Illustration for: IndQA Targets India's Billion Non‑English Users, 2nd‑Largest ChatGPT Market
Research & Benchmarks

IndQA Targets India's Billion Non‑English Users, 2nd‑Largest ChatGPT Market

3 min read

When you open a chat in Hindi, Tamil or Bengali, the AI often sounds like it’s guessing. That’s the gap IndQA tries to fill. Built by the same team that launched ChatGPT, the model isn’t just another multilingual test - it’s aimed at a market that already sits second in global ChatGPT usage.

India’s internet users still browse mostly in languages other than English, and the country juggles 22 official tongues, with at least seven spoken by over 50 million people each. By zeroing in on non-English interactions, the project could change how millions talk to AI. The rollout feels like a concrete step toward real accessibility, matching product work with the reality of a billion-strong user base.

In short, it shows a push to serve Indian users where they actually converse.

India has roughly a billion people who don’t use English as their primary language, 22 official languages (including at least seven with over 50 million speakers), and it’s ChatGPT’s second-largest market. This work is part of our ongoing effort to improve products and tools for Indian users.

India has about a billion people who don't use English as their primary language, 22 official languages (including at least seven with over 50 million speakers), and is ChatGPT's second largest market. This work is part of our ongoing commitment to improve our products and tools for Indian users, and to make our technology more accessible throughout the country. IndQA evaluates knowledge and reasoning about Indian culture and everyday life in Indian languages.

It spans 2,278 questions across 12 languages and 10 cultural domains, created in partnership with 261 domain experts from across India. Unlike existing benchmarks like MMMLU and MGSM, it is designed to probe culturally nuanced, reasoning-heavy tasks that existing evaluations struggle to capture. IndQA covers a broad range of culturally relevant topics, such as Architecture & Design, Arts & Culture, Everyday Life, Food & Cuisine, History, Law & Ethics, Literature & Linguistics, Media & Entertainment, Religion & Spirituality, and Sports & Recreation--with items written natively in Bengali, English, Hindi, Hinglish, Kannada, Marathi, Odia, Telugu, Gujarati, Malayalam, Punjabi, and Tamil.

Note: We specifically added Hinglish given the prevalence of code-switching in conversations. Each datapoint includes a culturally grounded prompt in an Indian language, an English translation for auditability, rubric criteria for grading, and an ideal answer that reflects expert expectations.

Related Topics: #IndQA #ChatGPT #India #AI #non‑English #multilingual #benchmark #MMMLU #MGSM

Will IndQA actually narrow the gap? OpenAI says the project is meant to steer AGI toward genuine multilingual usefulness. They point out that about 80 percent of people worldwide speak something other than English - a blind spot that still haunts most test suites.

Benchmarks like MMMLU already feel maxed out; top models hover near the ceiling, so spotting real gains gets tricky. India, with roughly a billion non-English primary speakers, 22 official languages and at least seven tongues topping 50 million users, looks like a natural proving ground - and it’s ChatGPT’s second-largest market. The team frames IndQA as a step toward better products for those users.

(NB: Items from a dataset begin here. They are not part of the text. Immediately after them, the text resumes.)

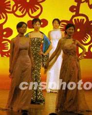 解放軍駐北京某部女戰(zhàn)士在元宵文藝晚會上進行時裝表演。時裝表演在解放軍女兵中很流行,這些軍中少女在節(jié)假日里時常利用報紙、床單等物品,制成時裝在軍營中展示美麗。作者:宋吉河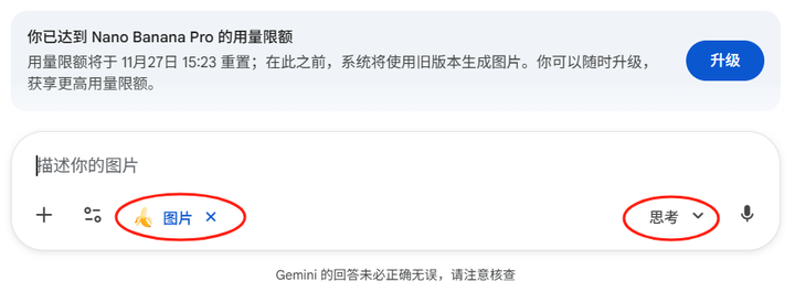 免费限制:免费用戶享有一定的体验额度,但有每日生成张数的限制。免费额度用尽后,系统会自动降级到标准版的 Nano Banana 模型。
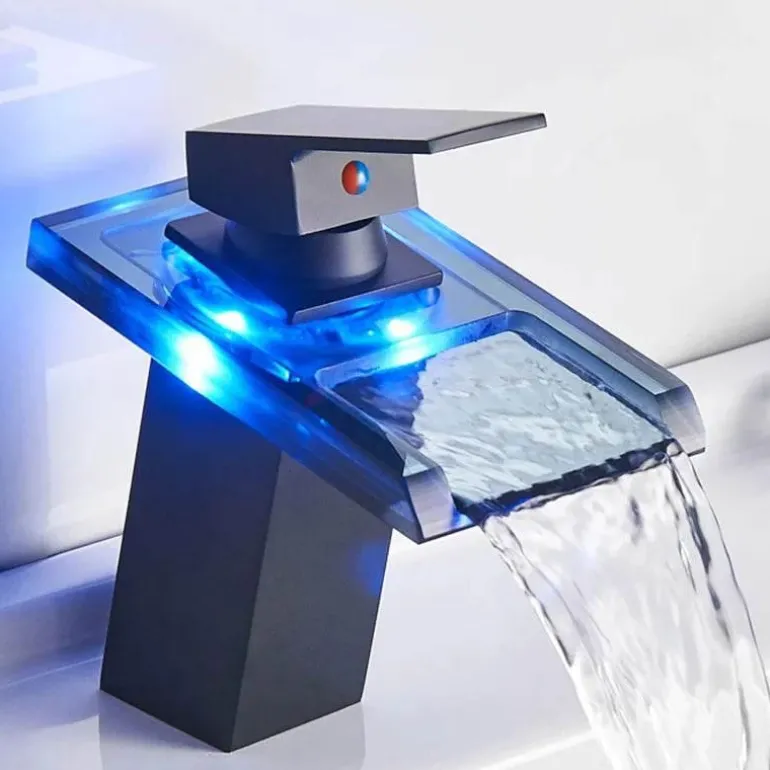 Werten Sie Ihr Badezimmer mit dem stilvollen und modernen Design des LED-Wasserfall-Wasserhahns aus Messing auf. Diese sorgfältig gefertigte Armatur wertet Ihren Raum optisch auf und verfügt über ein faszinierendes LED-Licht, das auf die Wassertemperatur reagiert und Ästhetik und Funktionalität nahtlos vereint. Erleben Sie das wohltuende Gefühl eines sanften Wasserfalls, der eine beruhigende Atmosphäre schafft, und profitieren Sie gleichzeitig von der robusten Messingkonstruktion für lange Haltbarkeit.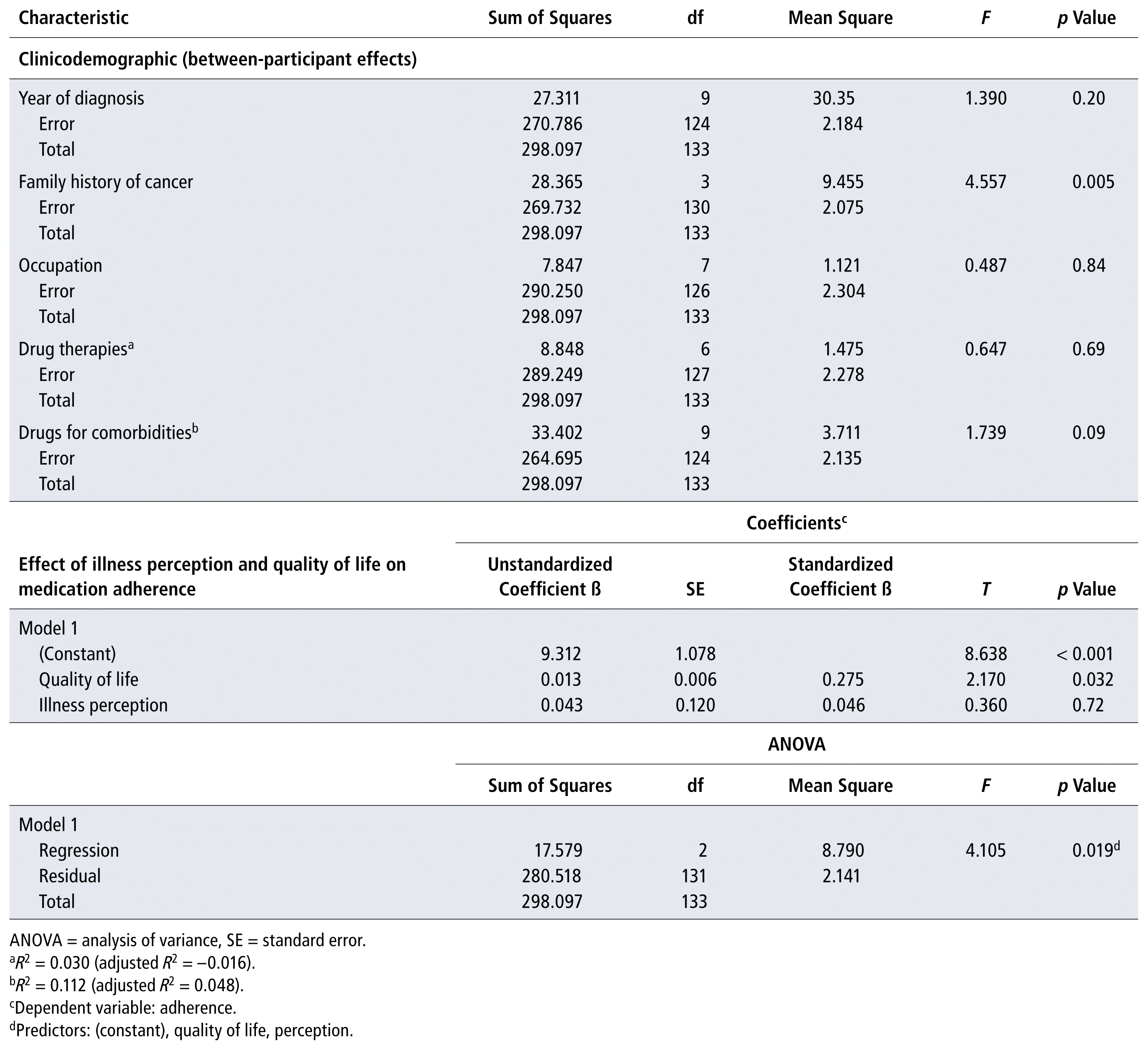 A family history of cancer had a significant effect on medication adherence (df = 3, F = 4.557, p = 0.005). Therefore, medication adherence was significantly dependent on the patient’s family history of cancer (Table 2).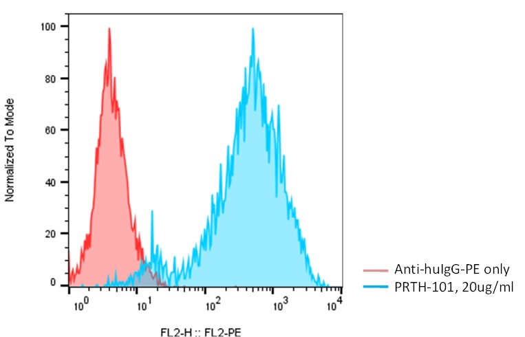 Detection of human DDR1 on DDR1-CHO-K1 cells (Cat. #C3030) by flow cytometry. Anti-human DDR1 antibody PRTH-101 (Cat. #A1039) was incubated with human DDR1-CHO-K1 cells (Cat. #C3030), followed by staining with PE-anti-human IgG.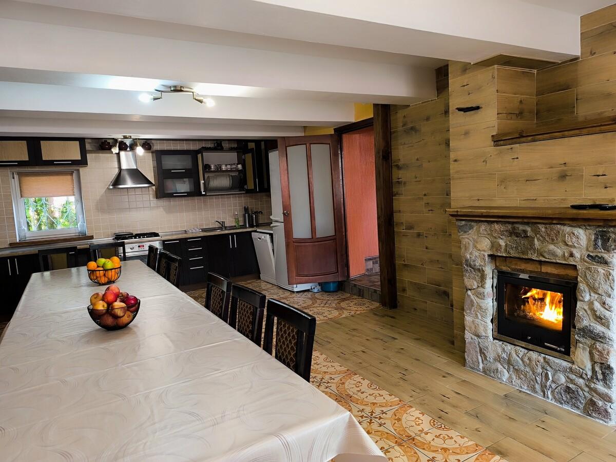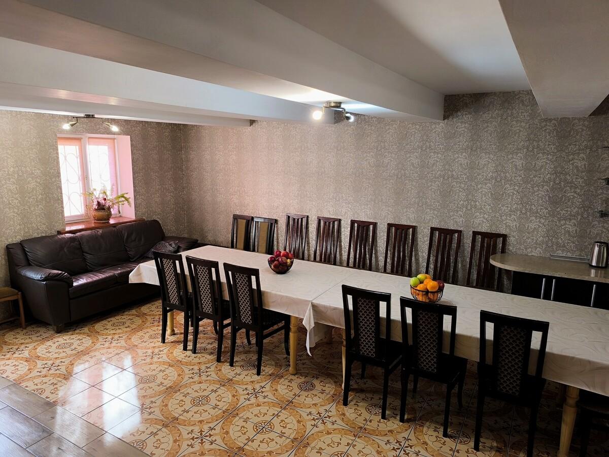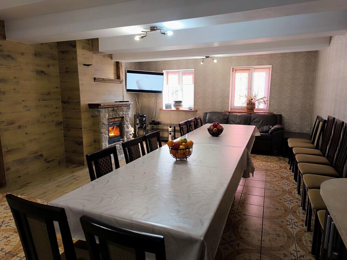 • Просторный банкетный зал на первом этаже с большим столом на 20 человек.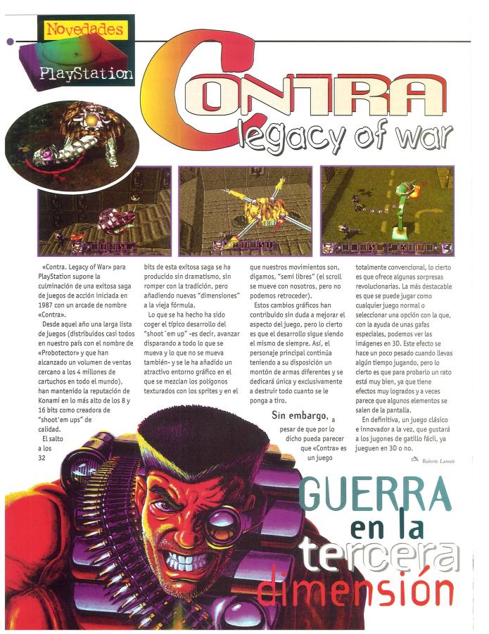Análisis, Appaloosa Interactive, Contra: Legacy of War, Konami, PlayStation Guerra en la tercera dimensión [Análisis de Contra: Legacy of War] Fecha: 03/1997Autor/a: HCteca 0 Comentarios Comparte esto: Compartir en X (Se abre en una ventana nueva) X Comparte en Facebook (Se abre en una ventana nueva) Facebook Me gusta Cargando... Relacionado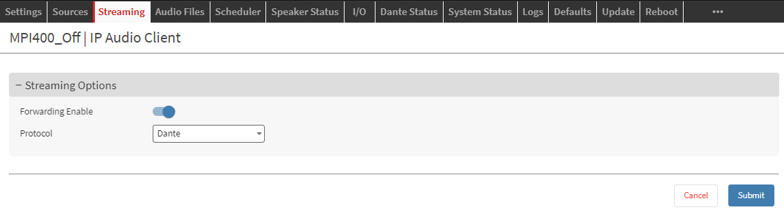 IPAC offers a quite unique feature called: Dante® Forwading, which can be accessed in the ‘Streaming’ tab: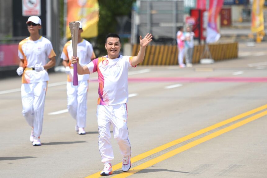 In September 2023, torchbearer Mao Geping ran during the 19th Asian Games torch relay in Ningbo City, Zhejiang Province.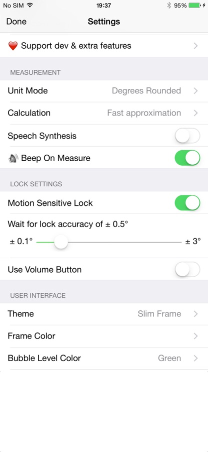 ◆ 3 Modes (incl. auto switching): Clinometer mode (auto when holding upright), Camera mode (any direction, manual activation) and Bubble level (smoothly fading in when holding flat).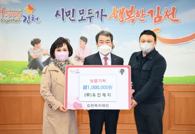 ㈜유진제지(대표 김은숙)는 이번에 100만원을 김천복지재단으로 기부했다.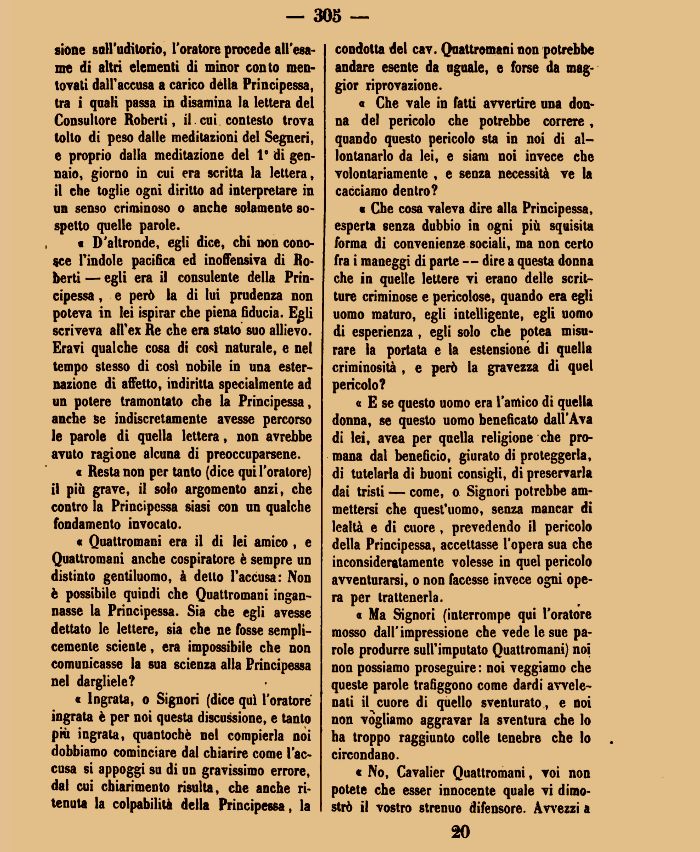« Quattromani era il di lei amico , e Quattromani anche cospiratore è sempre un distinto gentiluomo, à detto l'accusa: Non è possibile quindi che Quattromani ingannasse la Principessa. Sia che egli avesse dettato le lettere, sia che ne fosse semplicemente sciente, era impossibile che non comunicasse la sua scienza alla Principessa nel dargliele?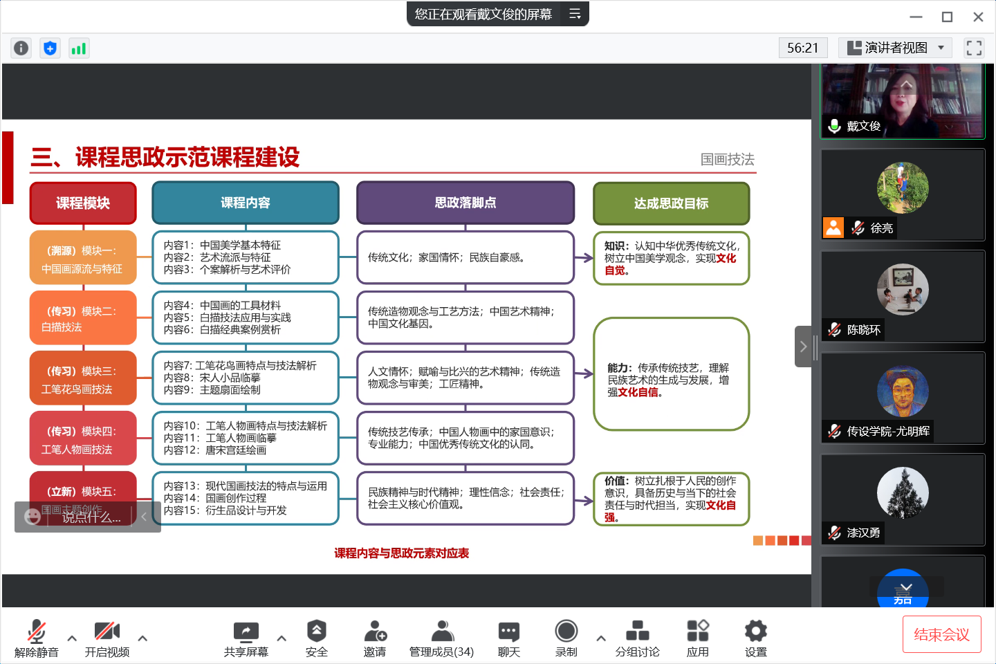 戴文俊以《艺术专业课程思政元素的内涵挖掘与创新设计》为题,围绕课程思政的源起,专业思政体系构建、课程思政示范课程建设和课程思政教学设计案例等四个方面进行讲授。重点讲授了课程思政的内容、专业思政的关键点、课程思政示范课体系建设,以所授的国画技法课程为例,展示了课程思政示范课程建设过程与取得的成绩,提出了专业课程应具备挖掘课程思政元素、有机融入课堂教学和教育者先受教育的三项基本功,应遵循治学的态度、思考的角度、教授的温度、教学的维度以及课程的粘度等五度原则。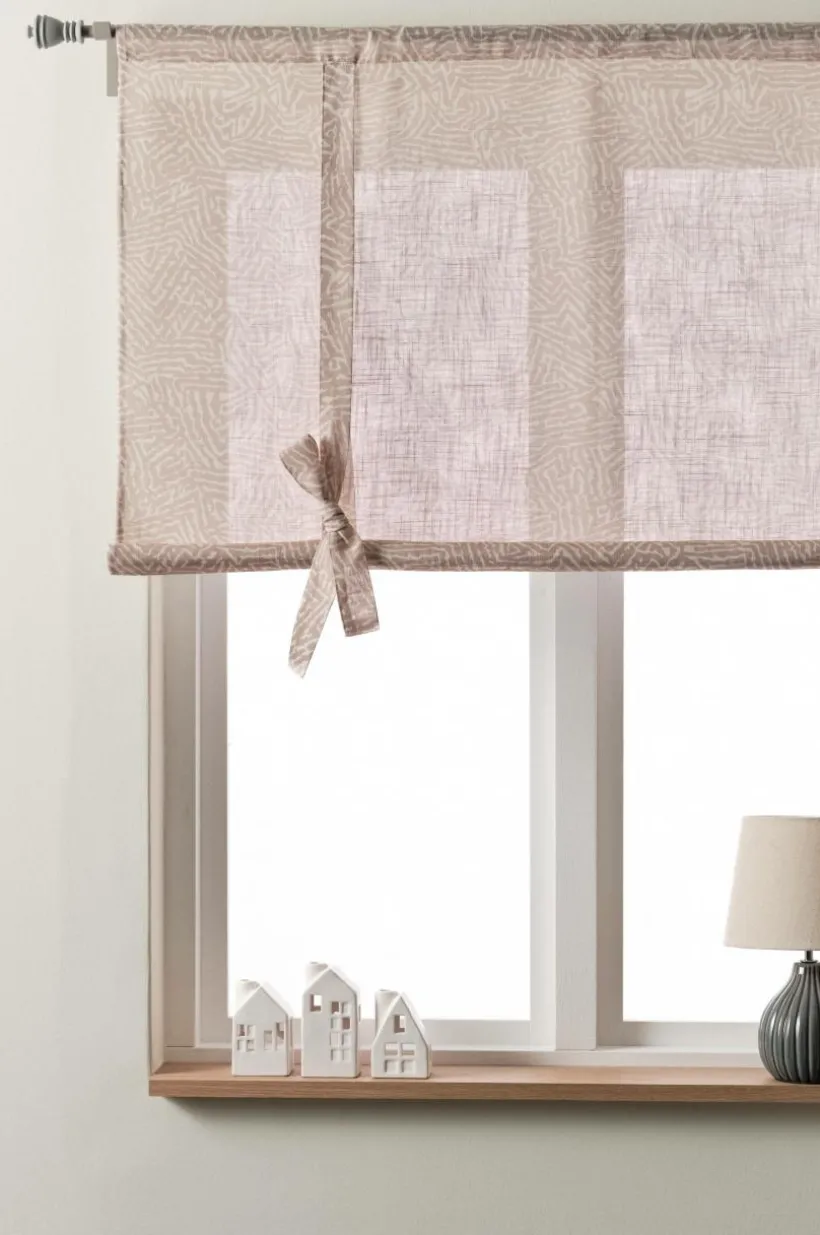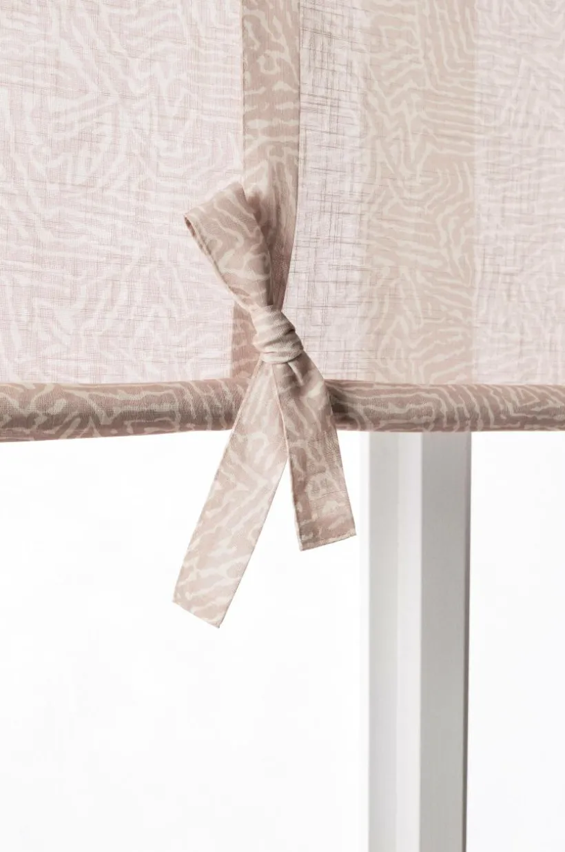 Roll up-gardin i mönstertryckt polyester som är snyggt glesvävd och lite skirare. Det läckra mönstret, som associerar till naturen på många sätt, i kombination med en lätt och smidig kvalité ger ditt fönster skön karaktär. Hängs på vanlig gardinstång. Höjden regleras med knytband.
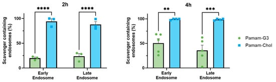 Endosomal uptake and retention of soluble NABN Pamam-G3 vs PAMAM-Cholesterol(5) NP at 2 and 4 h. ** p < 0.01, *** p < 0.001, **** p < 0.0001.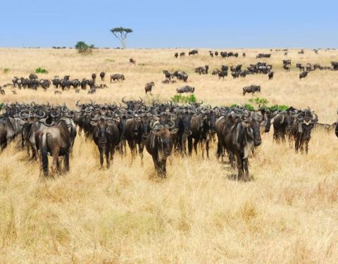 5月的最后一场雨过,塞伦盖蒂大草原的旱季来临,数百万只野生角马、斑马和瞪羚,追逐着雨水的脚步来...5月的最后一场雨过,塞伦盖蒂大草原的旱季来临,数百万只野生角马、斑马和瞪羚,追逐着雨水的脚步来到了马塞马拉,7、8月间,他们还将横穿“非洲血河”,历经一场惊险艰巨的生死之渡。

What’s missing, though, is a clear picture of how the new metrics will differ from MMMLU or fix its flaws, and there’s little on how any improvements will be checked in real-world use. So the idea sounds hopeful, but whether it will turn into tangible benefits for Indian users remains uncertain.

Common Questions Answered

What is IndQA and why was it created?

IndQA is a new benchmark developed by the team behind ChatGPT that evaluates knowledge and reasoning about Indian culture and everyday life in Indian languages. It was created to address the large gap of roughly one billion Indian internet users who primarily use non‑English languages.

How many official languages does India have and how many of them have over 50 million native speakers?

India has 22 official languages, and at least seven of those languages each have more than 50 million native speakers. This linguistic diversity underpins the need for multilingual AI tools like IndQA.

Why does the article describe India as ChatGPT's second‑largest market?

The article notes that India ranks second globally in ChatGPT usage, driven by its massive online population and high engagement despite most users preferring non‑English languages. This makes India a critical market for expanding multilingual AI capabilities.

What shortcomings of existing benchmarks such as MMMLU does IndQA aim to overcome?

Existing benchmarks like MMMLU are described as saturated, with top models achieving near‑ceiling scores that make further progress difficult to measure. IndQA seeks to provide a more challenging and culturally relevant evaluation for Indian languages, helping to gauge true multilingual usefulness.